Sunday 20 May 2012

Meaningful 2

Walrus' parents took him shopping today.  They must have gone to every big box store you can name.  Now he's exhausted and I'm grumpy since I don't get to see him.  Why do they think he needs to come on these errands?

Anyways, since I'm on my own tonight, I'm going to get philosophical.
I had to research a 'leader' for school and I chose Viktor Frankl.  If you've read '7 Habits of Highly Effective People' you'll know who he is.  He was a brain surgeon in Vienna before he was sent to a concentration camp in 1942.  He spent the next four years in concentration camps.  He worked as a doctor in the camps, and organized a suicide watch to keep an eye on fellow prisoners.   He developed a new theory on human behavior and wrote a manuscript about it on scraps of paper.  He gave lectures on his new theory to imaginary audiences.  Basically, he decided that even in the most terrible circumstances, no one could control his thoughts, or take away his ability to choose his response.  There's some line in 7HHEP about the prisoners being more free than the guards...

I should explain that I was getting fed up with everybody telling me to be positive all the time (My former best friend told me I was too negative and ended our friendship.  At the time I had bronchitis and was preparing a slideshow for the memorial service for a friend.  This is a subject I take very personally)  I think our culture believes in positive thinking to the point where sad people get blamed for being sad, for being weak...
We're not allowed to be sad, ever.  Maybe for grieving, for a little while.
Here's the video about it, says it better than I can.
http://vimeo.com/13676989

Sometimes you're sad because life sucks.  That simple.

I think for me, positive thinking didn't work, because I couldn't wish my problems away, but putting myself in charge did.  I could recognize that I was in a bad situation, and decide how I was going to react.

I repeat, I put my self in charge of my own life.  Took me so long to figure that one out, and I sometimes need to remind myself.
Funny thing, my mom's said it to me my whole life: "You can't control others' behavior.  You can only control yourself."

So, Viktor Frankl.  I read his book Man's Search for Meaning and it had quite an impact on me.  I recommend it, but here's the short version:

He was also a  psychiatrist, and his theory is that people aren't unhappy because of repressed childhood traumas or whatever Freud's thing is, but because they don't have meaning in their life RIGHT NOW.


Viktor Frankl’s Guide to Finding Meaning in Life
1. Creating a work or doing a deed.

2. Experiencing something [nature, culture]

      or encountering someone [love]

3. By the attitude we take towards unavoidable suffering


So simple.  People want to work, to love somebody and to appreciate beauty.   Some people focus on just one, some people need all of those.

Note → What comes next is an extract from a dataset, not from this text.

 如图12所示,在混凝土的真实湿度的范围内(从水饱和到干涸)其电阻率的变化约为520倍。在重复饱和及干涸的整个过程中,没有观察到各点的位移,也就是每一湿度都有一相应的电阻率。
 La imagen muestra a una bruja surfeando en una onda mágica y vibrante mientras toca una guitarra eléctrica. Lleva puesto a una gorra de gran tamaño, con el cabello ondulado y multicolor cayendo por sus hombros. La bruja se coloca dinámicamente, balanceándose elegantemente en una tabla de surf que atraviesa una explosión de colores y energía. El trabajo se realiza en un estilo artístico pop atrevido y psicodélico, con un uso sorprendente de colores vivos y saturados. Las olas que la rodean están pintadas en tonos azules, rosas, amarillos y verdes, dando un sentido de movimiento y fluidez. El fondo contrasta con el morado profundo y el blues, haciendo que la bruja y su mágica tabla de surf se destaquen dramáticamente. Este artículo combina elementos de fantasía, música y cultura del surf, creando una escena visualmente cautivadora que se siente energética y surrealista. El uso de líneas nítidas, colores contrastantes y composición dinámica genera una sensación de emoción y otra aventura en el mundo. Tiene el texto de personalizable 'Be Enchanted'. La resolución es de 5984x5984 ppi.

And then there's number three, and this is where a lot of self-help books don't go.  If you have to suffer, do it with as much courage and dignity as you can.  If you can find a reason to go on living, you probably understand more about life than any of us.  Look at my friend George with his brain tumour.
We're all going to die, or lose somebody close to us.  We're all going to suffer.
And I needed to hear that sometimes things are going to suck, and if happiness seems far away, that doesn't mean life is pointless.

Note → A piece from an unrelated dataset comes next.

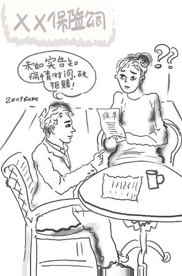 案例:劉先生腸胃不好,由于工作忙一直沒有去醫(yī)院檢查,每次肚子疼就吃一些胃藥來減輕病痛。2006年12月30日,他遇到了一位保險(xiǎn)公司業(yè)務(wù)員上門推銷保險(xiǎn),就購買了10萬元的重大疾病保險(xiǎn)。 在填寫投保單健康告知欄目時(shí),關(guān)于“最近5年是否曾有腹痛癥狀和最近有沒有服用藥物”詢問內(nèi)容,劉先生咨詢業(yè)務(wù)人員是否需要將自己的胃痛填寫上,業(yè)務(wù)人員問劉先生是否在醫(yī)院有病例證明,劉先生說沒有,業(yè)務(wù)人員就說沒事,讓劉先生不要填寫。劉先生當(dāng)時(shí)就按照業(yè)務(wù)人員的說法在此項(xiàng)勾選了“否”。 2008年1月,劉先生忽感身體不適,胃部奇痛,到醫(yī)院就診。醫(yī)生問詢劉先生之前胃部是否有過毛病,劉先生說胃疼史有4年并服用過胃藥,醫(yī)生將劉先生口述寫入了病例。經(jīng)過全面檢查,劉先生被確診為胃癌晚期。后診治無效,劉先生不幸病故,所花醫(yī)療費(fèi)共計(jì)14萬元。 事故發(fā)生后,劉先生家屬劉太太及時(shí)通過全國服務(wù)熱線報(bào)了案。經(jīng)審核,資料齊全,公司予以受理。但15個(gè)工作日后,保險(xiǎn)公司下發(fā)了拒賠通知單,拒賠理由為:被保險(xiǎn)人病例中本人陳述有4年胃痛史,早于投保時(shí)間,但被保險(xiǎn)人劉先生在投保時(shí)并未如實(shí)告知胃痛情況,未履行如實(shí)告知義務(wù),故保險(xiǎn)公司拒絕賠償。

I am not saying that if you've never had a boyfriend (or girlfriend), then you should suffer in quiet dignity.  I don't think that at all. (Nor am I comparing it to being in a concentration camp....)

I was depressed a few years ago.  I went to counselling.  It cost a lot of money and I'm not sure she told me anything new, but I really just needed someone to talk to.  Maybe I'll write another post on what we talked about.

I cried so many tears about my lack of romance- the worst kind of wretched hopeless crying. I was convinced there was something wrong with me but I couldn't see what it was.  So that only made it worse- I seemed nice enough to myself, but obviously everybody else saw something different, something flawed and I would never be able to work on changing myself because I didn't know what the problem was.... It broke my heart.  More than just being alone.  I started to doubt myself, dislike myself.

Maybe I shouldn't give advice.  But I think it's okay to be sad about it.  I'm still sad for the things I've missed out on, the fun I could have had, and the mistakes I should have made already....

I think all you can do is make sure you have meaning in your life, work on making your life the way you want, find a cause you believe in and advocate for it....

Meanwhile,  you are still going to be sad, but I think you can put limits on it. Did you ever feel jealous of happy couples?  I have, and I don't want to begrudge other people their happiness.

I don't think you should keep your sadness to yourself all the time so as not to burden people; I think you should take care of yourself and talk about it to a sympathetic ear if you have someone you trust.  Or blog it to the world!

Anyways, I'll get off my high horse now.  Date stroke patients!  Barrel of laughs!
If you're depressed you should seek help.  I don't regret going to counselling- it helped me a lot.  But I had to fight depression myself; she just coached me through it.  Once you decide to be in control of your emotions, set goals, take chances...you're on your way out of it.